# Excerpted records
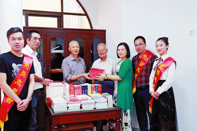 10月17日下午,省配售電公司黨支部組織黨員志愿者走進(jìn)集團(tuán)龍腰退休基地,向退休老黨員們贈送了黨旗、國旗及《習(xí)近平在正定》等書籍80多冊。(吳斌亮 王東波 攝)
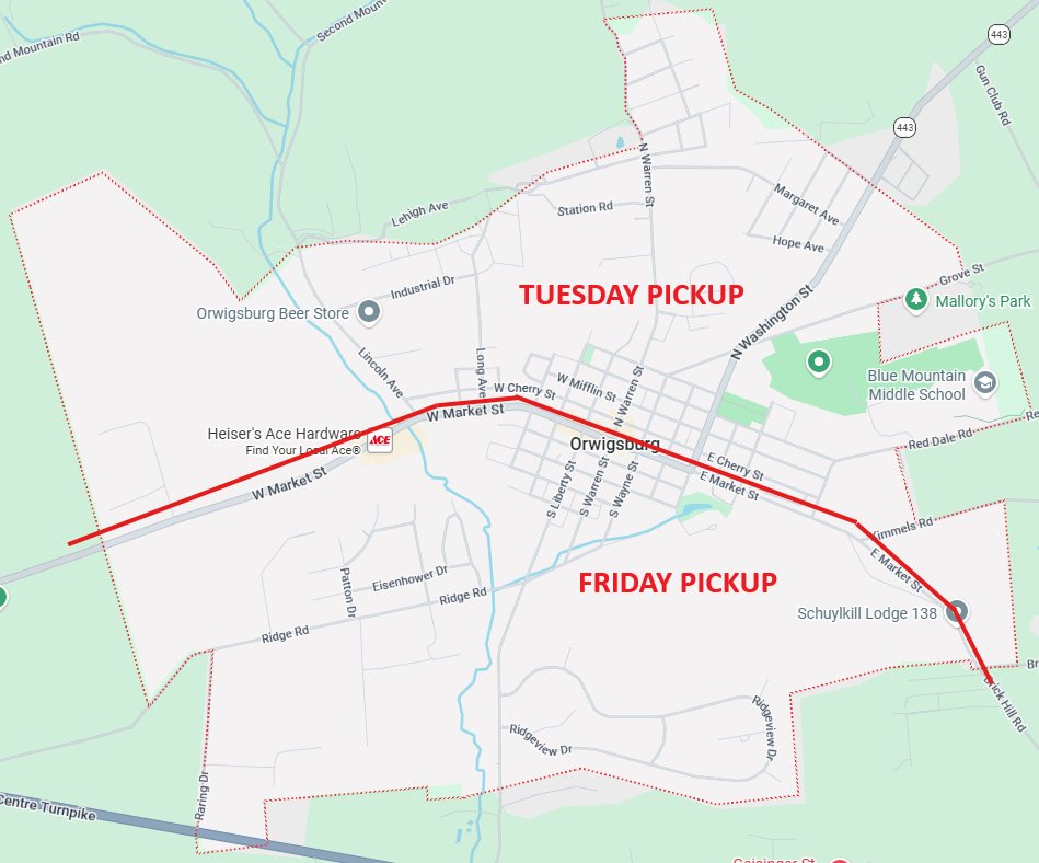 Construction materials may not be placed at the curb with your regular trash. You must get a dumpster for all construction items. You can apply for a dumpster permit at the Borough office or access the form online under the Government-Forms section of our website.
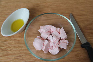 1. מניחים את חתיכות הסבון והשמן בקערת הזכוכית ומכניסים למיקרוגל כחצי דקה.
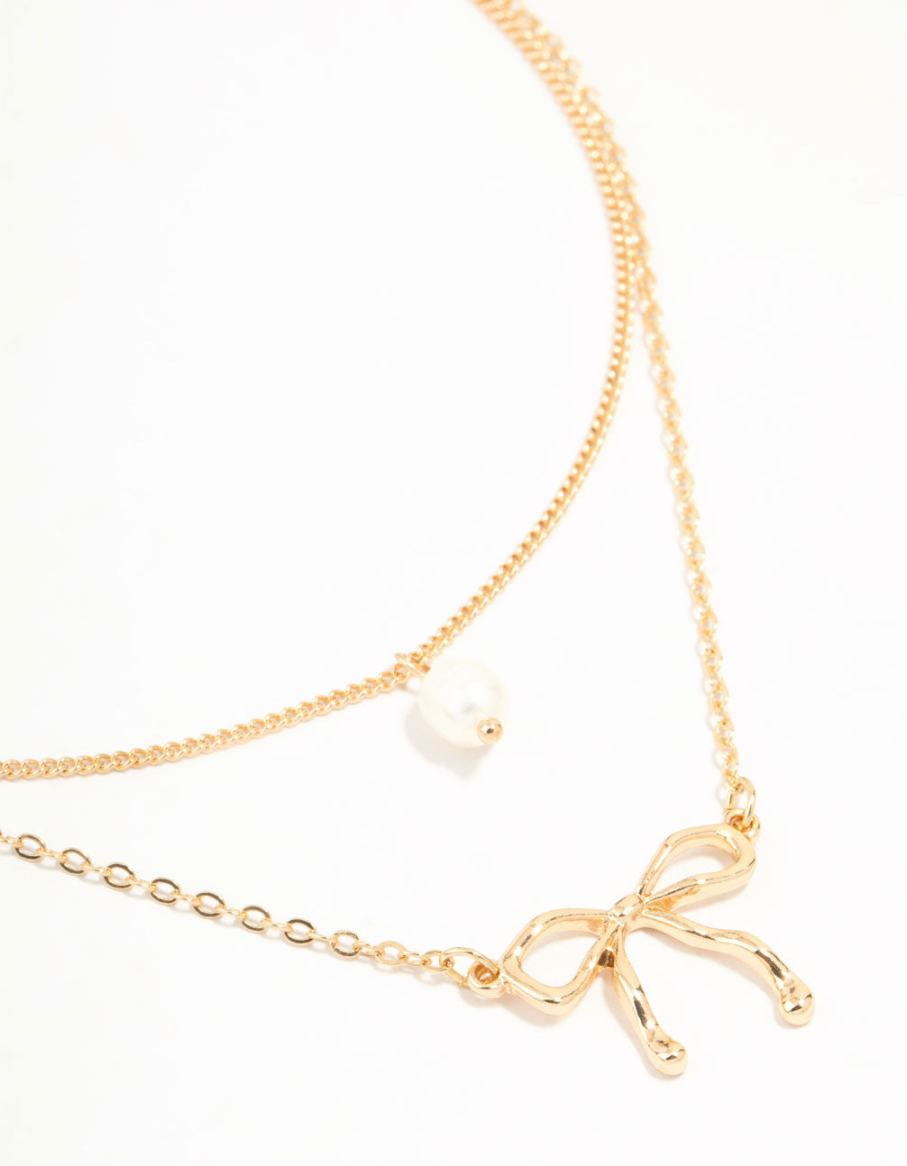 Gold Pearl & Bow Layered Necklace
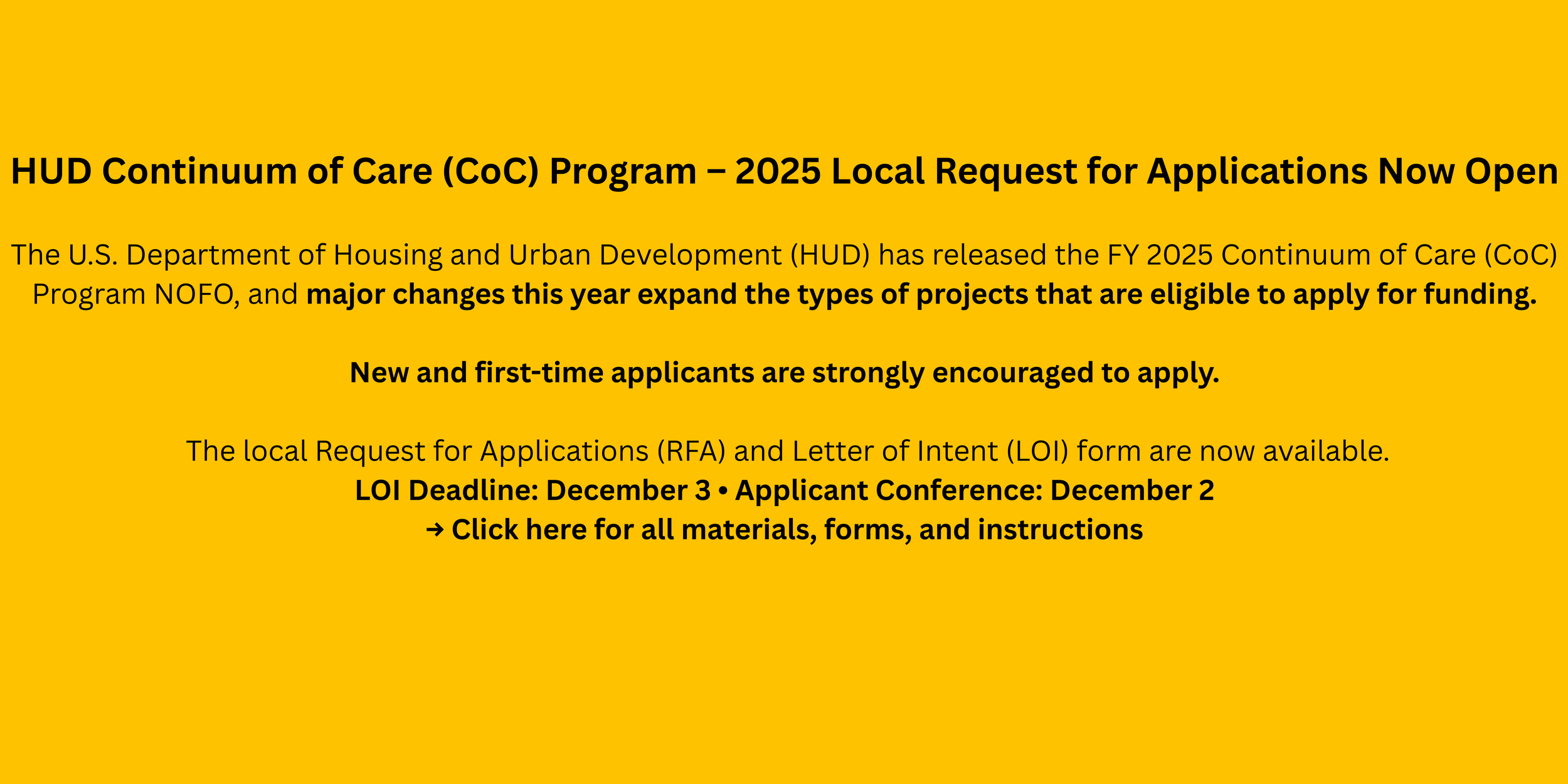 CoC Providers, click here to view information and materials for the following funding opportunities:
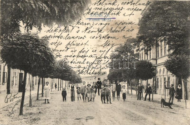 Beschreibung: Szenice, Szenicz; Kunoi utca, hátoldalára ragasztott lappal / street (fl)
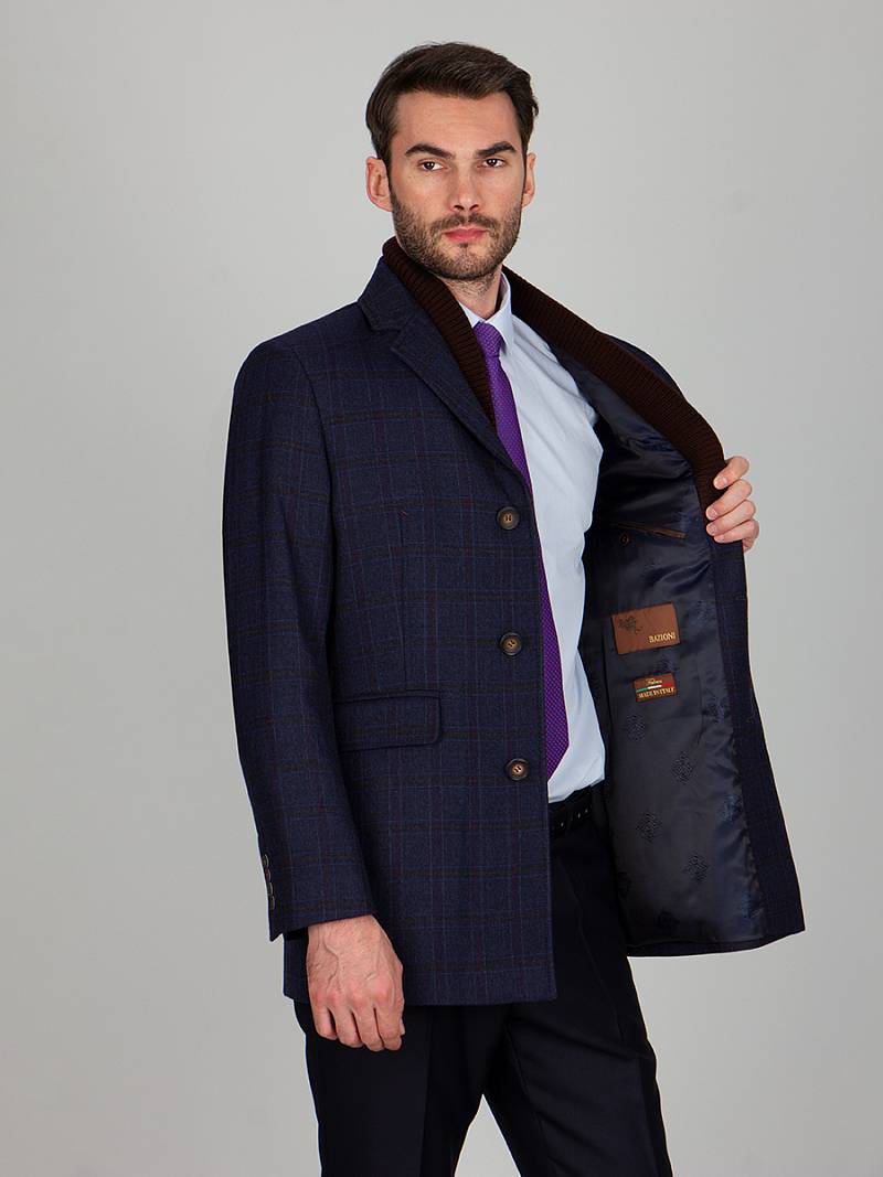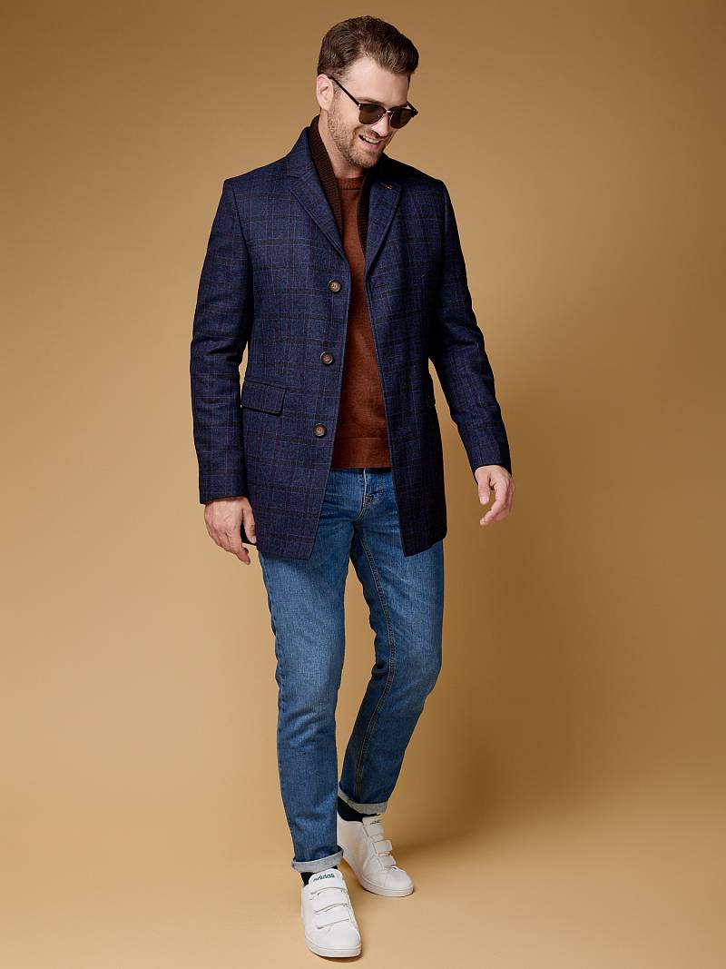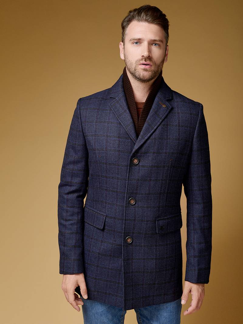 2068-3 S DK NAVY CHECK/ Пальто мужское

# Problem details
Each record above must be retyped exactly as given, with the images excluded.

# Solution for this task
 10月17日下午,省配售電公司黨支部組織黨員志愿者走進(jìn)集團(tuán)龍腰退休基地,向退休老黨員們贈送了黨旗、國旗及《習(xí)近平在正定》等書籍80多冊。(吳斌亮 王東波 攝)
 Construction materials may not be placed at the curb with your regular trash. You must get a dumpster for all construction items. You can apply for a dumpster permit at the Borough office or access the form online under the Government-Forms section of our website.
 1. מניחים את חתיכות הסבון והשמן בקערת הזכוכית ומכניסים למיקרוגל כחצי דקה.
 Gold Pearl & Bow Layered Necklace
 CoC Providers, click here to view information and materials for the following funding opportunities:
 Beschreibung: Szenice, Szenicz; Kunoi utca, hátoldalára ragasztott lappal / street (fl)
 2068-3 S DK NAVY CHECK/ Пальто мужское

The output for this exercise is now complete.